It's funny to me when the whole joke about propane goes over people's heads and they actually think it's good.
It's funny to me when the whole joke about propane goes over people's heads and they actually think it's good
It's a flammable gas that burns clean and liquefies at a relatively low pressure, it does what it's supposed to.
would you rather use butane OP?
yikes. opinion discarded.
what's wrong with propane?
If you think the joke was supposed to be "Hank loves propane but it's actually bad" then you misunderstand. It's just a part of Hank's wholesome mentality that he sincerely loves the product he's selling. Whether propane is actually that great or not was not important. At least not until that one episode where Peggy discovers she prefers charcoal, but that was in the 5th season and propane being inferior had nothing to do with the original concept.

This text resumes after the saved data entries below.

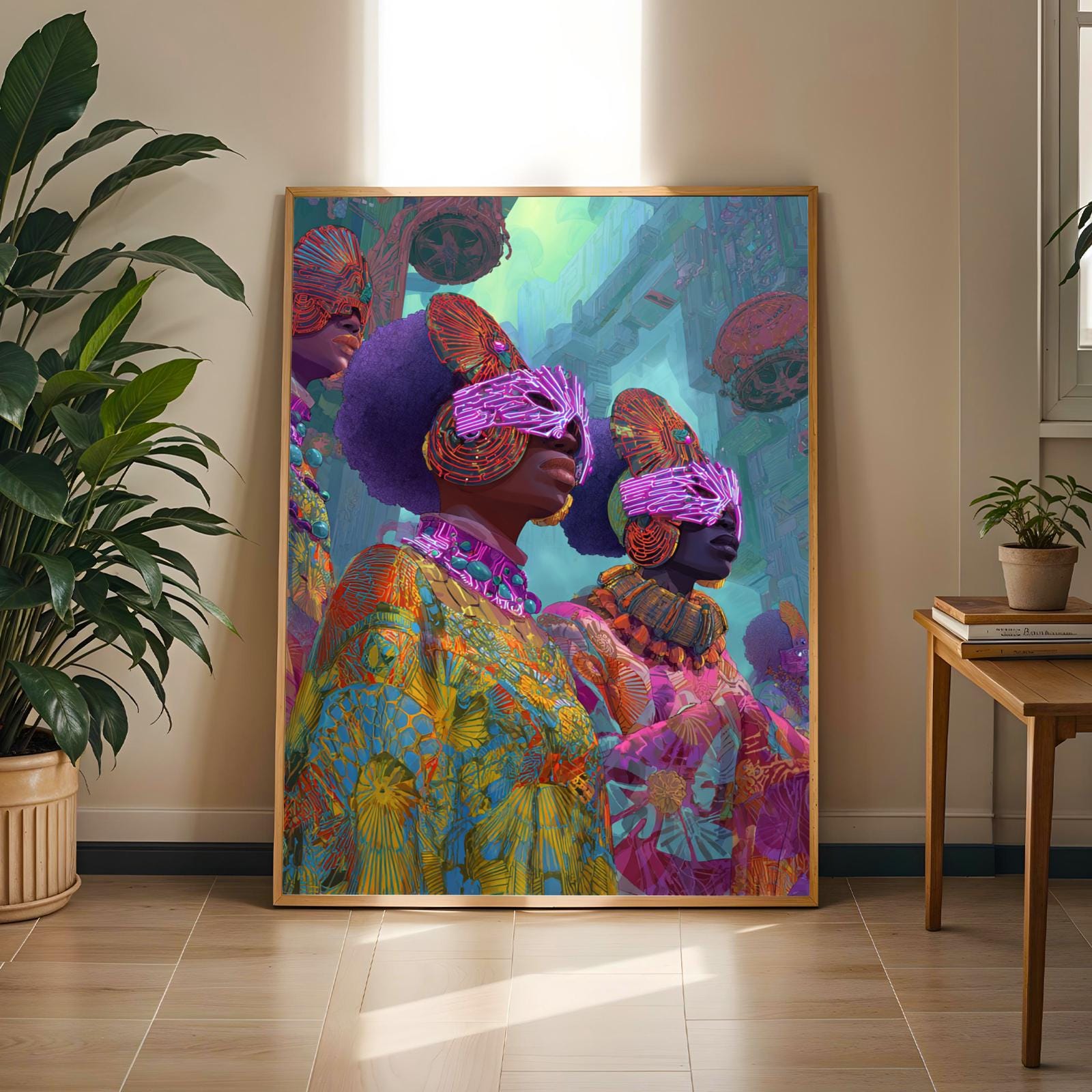 Immerse yourself in a vibrant, futuristic world with this striking art print, featuring three figures adorned in colorful, intricate patterns and neon-lit headpieces. The bold, surreal style and rich textures create a captivating vision of otherworldly elegance and cultural fusion.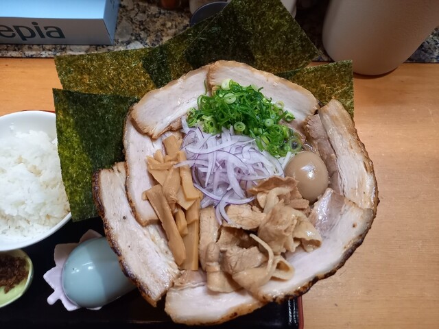いざの目の前に運ばれて来ると想像を越えたチャーシューの量。マジでヤバいと思いました。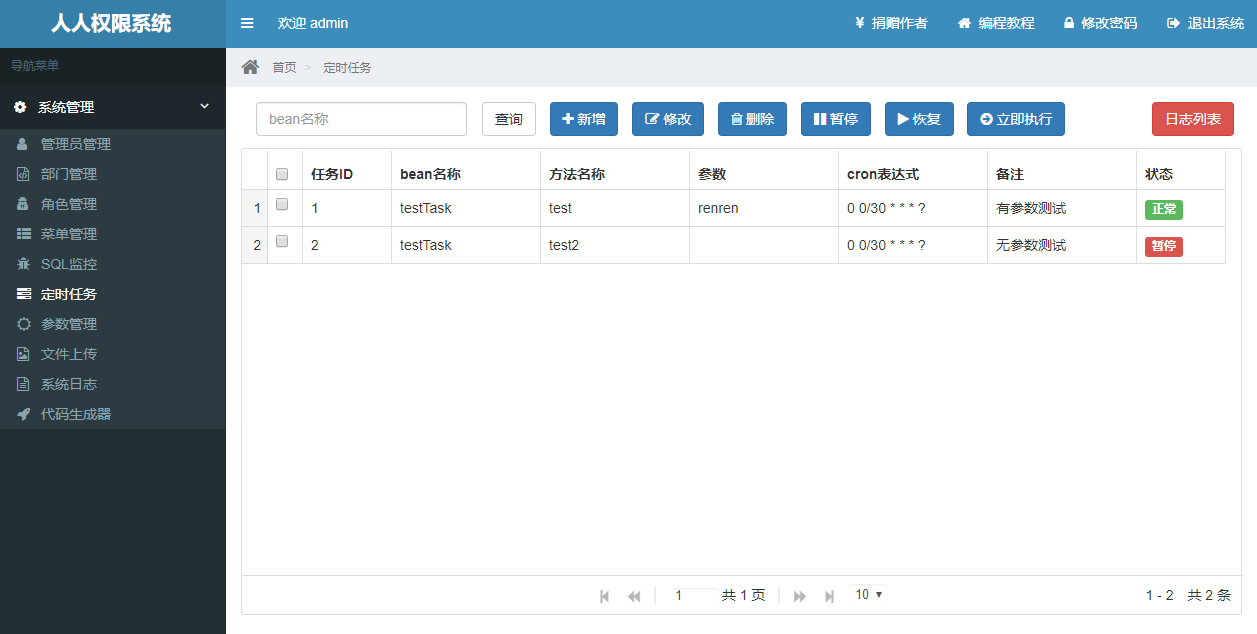 - 引入quartz定时任务,可动态完成任务的添加、修改、删除、暂停、恢复及日志查看等功能

It makes the meat taste bland instead of smokey.
A bit /ck/, but this entirely comes down to what you're trying to do. Leaving aside smoking because I'm not chad enough for that hot mess, if your intent is to put some grill marks on a steak, I get the prefence for hard wood or charcoal.
But if I'm searing the steak on an iron skillet with salt, pepper, and maybe some garlic butter, I prefer gas for the faster cook, more stable temp, and not cleaning soot of the bottom of my skillet.
Well-done steaks cut into strips so I can dip them into my lowfat catsup.
This. The whole “I sell propane and propane accessories” line is funny because he takes such genuine pride in a niche job
they literally had an episode abt it
propane may be more effective but charcoal tastes better
and i agree with bobby that shit is good
not peggy tho
the salt, peppet, and garlic butter would taste better if the meat was cooked over good wood or charcoal
Is it true that propane let's you taste the meat, not the heat?
>oh boohoo i dont wanna taste the char
IT ADDS FLAVOR BITCHBOY
what, you dint wanna taste the spices as well? not even some salt n pepper? why even cook it? just bite into a zebra you animal
i used to put A-1 steak sauce on everything so it didn't matter how my steak was cooked or if it was actually smoked salmon.
I can appreciate a good steak cooked by people who know what they're doing. I can't really afford enough beef on a regular basis to build up that kind of experience.
i might start buying A-1 again though because that was actually pretty good and I can just put it on tofu or chicken nuggets or whatever. I'm not going to serve it to guests, i just need to convert calories into C++....
Coal is like a spice that makes meat taste better, If you want heated meat with no flavor might as well cook in an electric stove.
If you're going to cook with propane, why even grill outside? Just use an electric stove top or, fuck, a microwave. If you're just going to waste meat, go for broke and heat it up with a fucking hair dryer for fuck's sake. Oh, and don't forget to season it with a pinch of air, but not too much, wouldn't want to actually be able to taste anything.
It's just plain carbon. You've been brai washed into thinking coal soot tastes good.
This guy gets it.
This kid don't.
>You've been brai washed into thinking coal soot tastes good.
yeah just like ive been brainwashed into thinking spices taste good
grog ancestor didnt put plant on meat
grog ancestor throw meat in fire and then eat
grog ancestor knew charcoal before spices
Smoke is shit
Insufferable fucks with literal shit taste, eat dirt
except there's a way to use coal to flavor on a fucking gas grill.
Never watched king of the hill. But since you apparently think you're the fucking buddha on this shit, please, enlighten me on the nuances of the propane joke.
Yes, you're supposed to eat food for nutrition and survival, and not for the fun of it.
We'd have a lot less fat people around if we did.
This, the best salesmen aren't the ones who get good at manipulating people, it's the ones who really believe in what they're selling
Propane is inferior to charcoal and WAY inferior to wood when it comes to grilling meat. And on top of that, selling propane is not any kind of respectable job. Literally any idiot could do it. The joke is that Hank thinks it's a higher calling when in reality he's doing retail monkey work.
The joke is that propane is mediocre, but Hank himself has unwavering loyalty to anything he associates himself with.